Faults in Measuring Security Effectiveness

Astute buyers of IDS/IPS technology ask the critical question: "How can I tell if product X is really better than product Y for my purposes?"

By : Christian Stankevitz, CTO NSS Labs

The challenge that faced IT implementers throughout the history of intrusion prevention has been determining which IDS/IPS products are appropriate for a given environment. According to Christian Stankevitz, CTO of NSS Labs, every vendor claims that their product is better than the next in some material way.

The dizzying array of product features, numbers, anecdotal quotes, case studies and claims has left many buyers confused.
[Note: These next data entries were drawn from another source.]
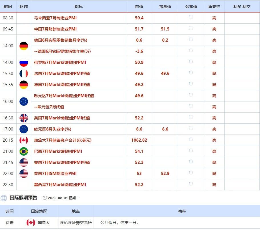 此外,8月1日,加拿大多伦多证券交易所因为公共假日,休市一日。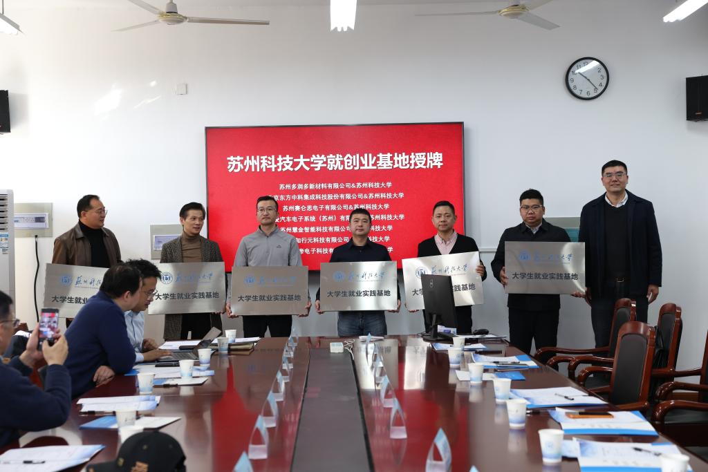 活动现场,章鸣为7家优秀校友企业授牌“苏州科技大学大学生就业实践基地”,学院与7家校友企业签订“产学研合作协议”,5位校友受聘为学院创新创业导师。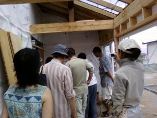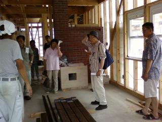 本日も外壁張り。そんな中地元西箕輪の方が7名見学に来て下さいました。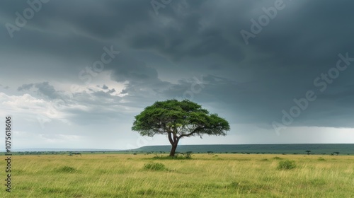 Moody Skies: A Lone Acacia Tree Standing Firm Amidst Stormy African Sky in Masai Mara National Reserve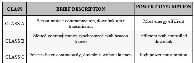 Table 2: LoRaWANClassCharacteristics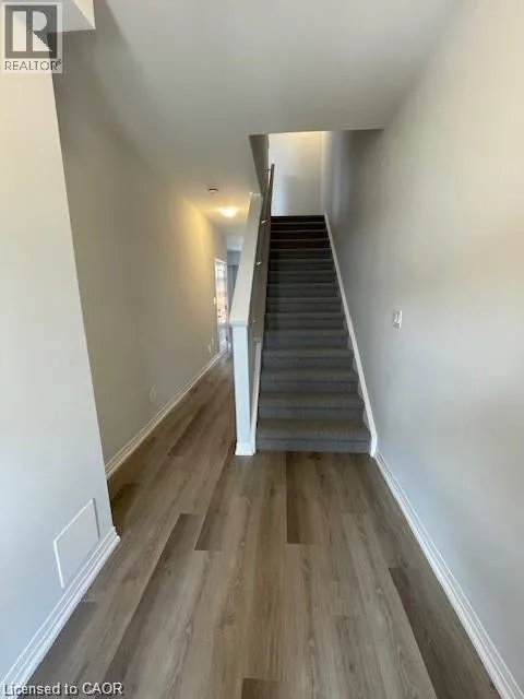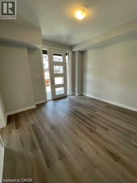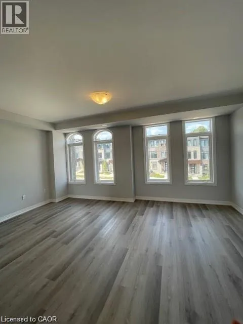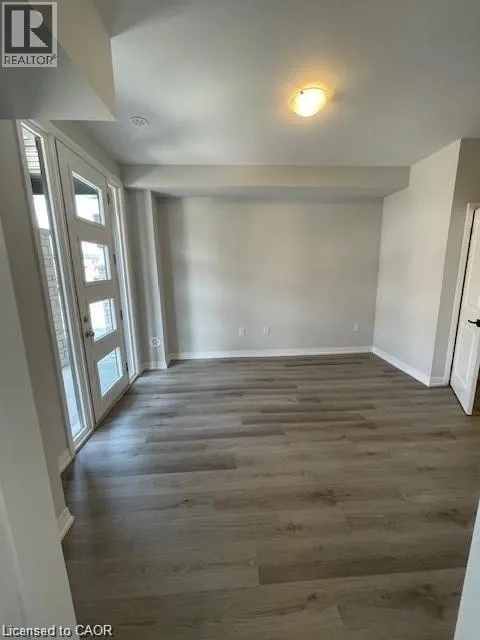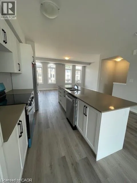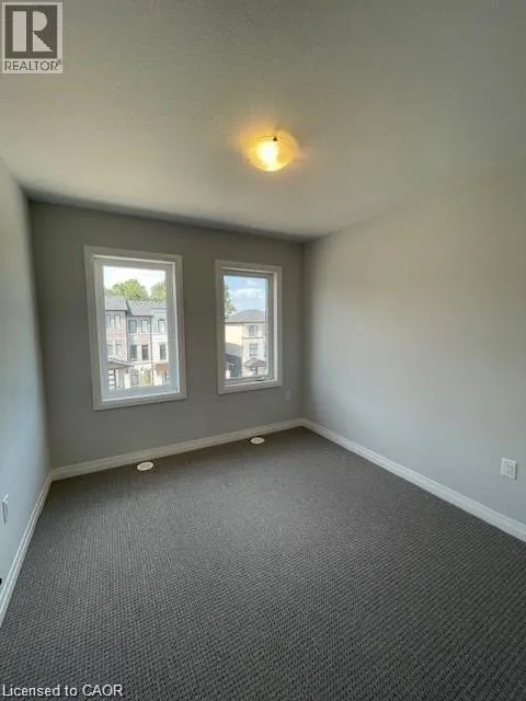 SPEEDSVILLE/EQUESTRIAN WAY Brand new executive 3-storey townhouse with a bright open-concept design, 3 bedrooms + den (ideal as a home office or 4th bedroom) and 4 bathrooms. Loaded with upgrades featuring high ceilings, modern kitchen with stainless steel appliances and oversized island, private balcony, and upper-level laundry. Enjoy 2 parking spaces, attached garage, and front & rear access. Spacious primary bedroom with walk-in closet and upgraded ensuite. Excellent location close to schools, parks, trails, shopping, restaurants, transit, expressway, and HWY 401. A perfect home for tenants seeking style, space, and convenience. (id:27476)

Astute buyers of IDS/IPS technology ask the critical question: "How can I tell if product X is really better than product Y for my purposes?"

Independent testing should alleviate this confusion, assist with consumer product selection and augment vendor product improvement. That means that independent testers provide accurate, realistic metrics to IT decision makers.

Accurately Measure

The only way to guarantee an accurate measurement of security effectiveness is to perform real-world testing, utilizing live exploits that attack actual hosts. In the early days of security product testing, this was performed by exploiting a small number of vulnerable devices that would compromise the target when executed from "attacker" hosts. This approach worked quite well for a while, but failed to scale as the combination of exploits and vulnerable targets exploded. Every time a system was exploited, it had to be rebuilt.
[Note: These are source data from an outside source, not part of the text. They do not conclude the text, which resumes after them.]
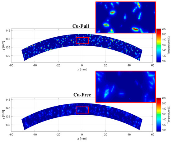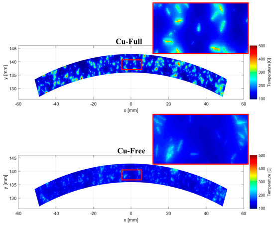 Pad surface temperature distributions after brake event #4 for the Cu-full and Cu-free materials. Disc rotation counter: clockwise.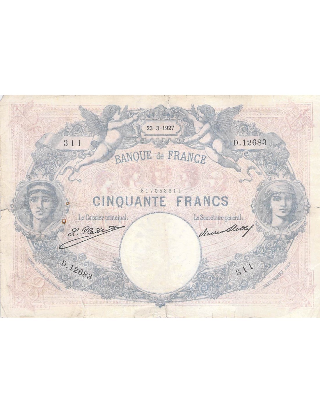 FRANCE - 50 FRANCS BLEU ET ROSE 23/03/1927 - SÉRIE D.12683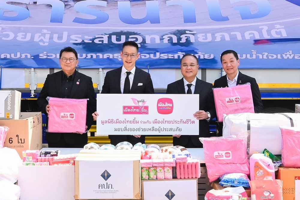บริษัท เมืองไทยประกันชีวิต จำกัด (มหาชน) และมูลนิธิเมืองไทยยิ้ม ร่วมสนับสนุนการช่วยเหลือ ผู้ประสบอุทกภัยในพื้นที่ภาคใต้ ผ่านโครงการ “ธารน้ำใจช่วยผู้ประสบภัยภาคใต้” ของสำนักงานคณะกรรมการกำกับและส่งเสริมการประกอบธุรกิจประกันภัย (คปภ.) โดยได้ส่งมอบผ้าห่มเพื่อช่วยบรรเทาความเดือดร้อนและสร้างขวัญกำลังใจให้แก่ประชาชนที่ได้รับผลกระทบจากสถานการณ์น้ำท่วม ในหลายจังหวัดภาคใต้
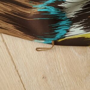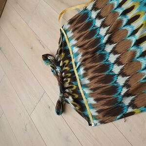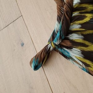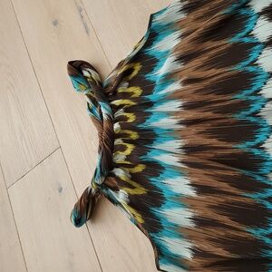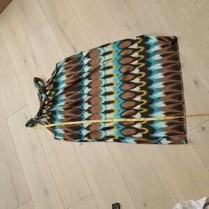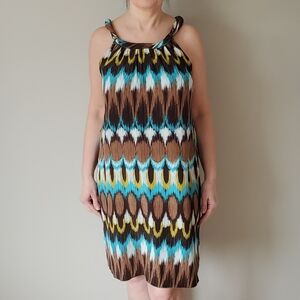 Stylish sleeveless dress with a vibrant multicolor pattern. Features shades of brown, blue, and yellow.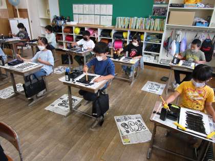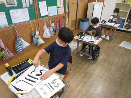 初めての習字でした。書くときのポイントや注意すること等をしっかり意識して書くことができました。次回の書写も楽しみです。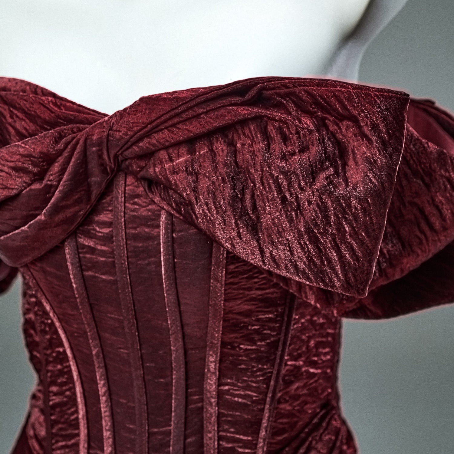 Women's Custom-made Gothic Bowknot Lacing-up Strapless Tuxedo Red Gown

To provide sufficient testing of coverage without building an expensive infrastructure of exploits and vulnerable applications, testers began using "capture/replay" tools, an approach which records an exploit once and sends - or replays - it repeatedly. Testing products using capture/replay has become the mainstay of IDS/IPS security testing and so widely accepted that many vendors and independent test labs use these tools exclusively.

The Capture/Replay Problem

Unfortunately, using capture/replay technology for the purpose of measuring security effectiveness is a flawed approach. It is incapable of determining the real impact of partially mitigated exploits and in many cases the captures fail to include meaningful payloads. Often, meaningful exploit payloads are the difference between a functional exploit and harmless garbage. This presents a problem for all IDS/IPS products, as both sophisticated "protocol decoding" technology as well as some simpler exploit-based signatures can correctly determine that the replay (with no payload) is not a real attack.
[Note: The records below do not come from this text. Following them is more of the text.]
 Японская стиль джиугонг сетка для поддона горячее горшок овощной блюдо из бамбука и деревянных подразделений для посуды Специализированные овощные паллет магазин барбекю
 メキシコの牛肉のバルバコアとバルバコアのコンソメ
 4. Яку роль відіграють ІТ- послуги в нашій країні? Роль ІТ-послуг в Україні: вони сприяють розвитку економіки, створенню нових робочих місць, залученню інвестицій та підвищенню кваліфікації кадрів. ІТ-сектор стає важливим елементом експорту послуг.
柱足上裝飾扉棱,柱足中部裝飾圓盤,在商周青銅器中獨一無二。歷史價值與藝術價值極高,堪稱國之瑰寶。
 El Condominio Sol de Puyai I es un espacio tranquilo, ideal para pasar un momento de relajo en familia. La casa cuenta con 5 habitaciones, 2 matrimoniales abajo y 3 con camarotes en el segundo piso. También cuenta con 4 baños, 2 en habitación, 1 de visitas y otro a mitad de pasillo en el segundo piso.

Thus, it is impossible to determine which IDS/IPS device is functioning properly in a test and which is not since neither report the attack. Furthermore, the results of capture/replay tests are indeterminate because such tools cannot target real vulnerable servers to ascertain the impact of an attack. Just because an attack was partially blocked by an IPS doesn't mean that the targeted service didn't crash. Understanding the ability to mitigate the impact of the real threat is the only true measure of security effectiveness.

The Product Effect

Unfortunately, since 2005 nearly everyone has relied heavily on a relatively small number of capture/replay tools, while market dynamics emphasized speed and simplicity over detection accuracy. During 2007, several IDS/IPS engines have been observed to miss or "leak" exploits that were once caught, even though the IDS/IPS purportedly had the necessary signatures. The problem was not limited to old exploits. Some recent, well-publicized exploits were discovered to neither be detected nor mitigated by security products that purported to have coverage for these threats.

Seeing an isolated exploit sneak past an IDS/IPS is nothing new, but it has become relatively common to see double-digit percentage increases in exploits passing through several products from multiple vendors. It appears that some security product vendors have adapted their signatures to detect the traffic generated by popular capture/replay tools. Thus, these vendors have in effect "de-tuned" their signatures and degraded their protective capabilities – in order to pass common lab test procedures.


It is time for a complete overhaul of IDS/IPS testing methodology. Capture/replay technology is of marginal value in a testing environment and must once again be replaced with real exploits targeting real vulnerable targets. Testing labs should provide environments with a large range of live host targets, complete with vulnerable applications, databases and operating systems. Live threats traversing live networks carrying live malicious code need to be used to measure actual product effectiveness and the real impact to these vulnerable systems. Real-world threat categorization and real-world testing methodologies must be implemented to get real-world results.

It is the responsibility of testing and certification organizations to provide this information in a manner which consumers can understand and apply to their specific needs.

Christian Stankevitz is the CTO of NSS Labs, the globally recognized leader in independent security performance testing and certification.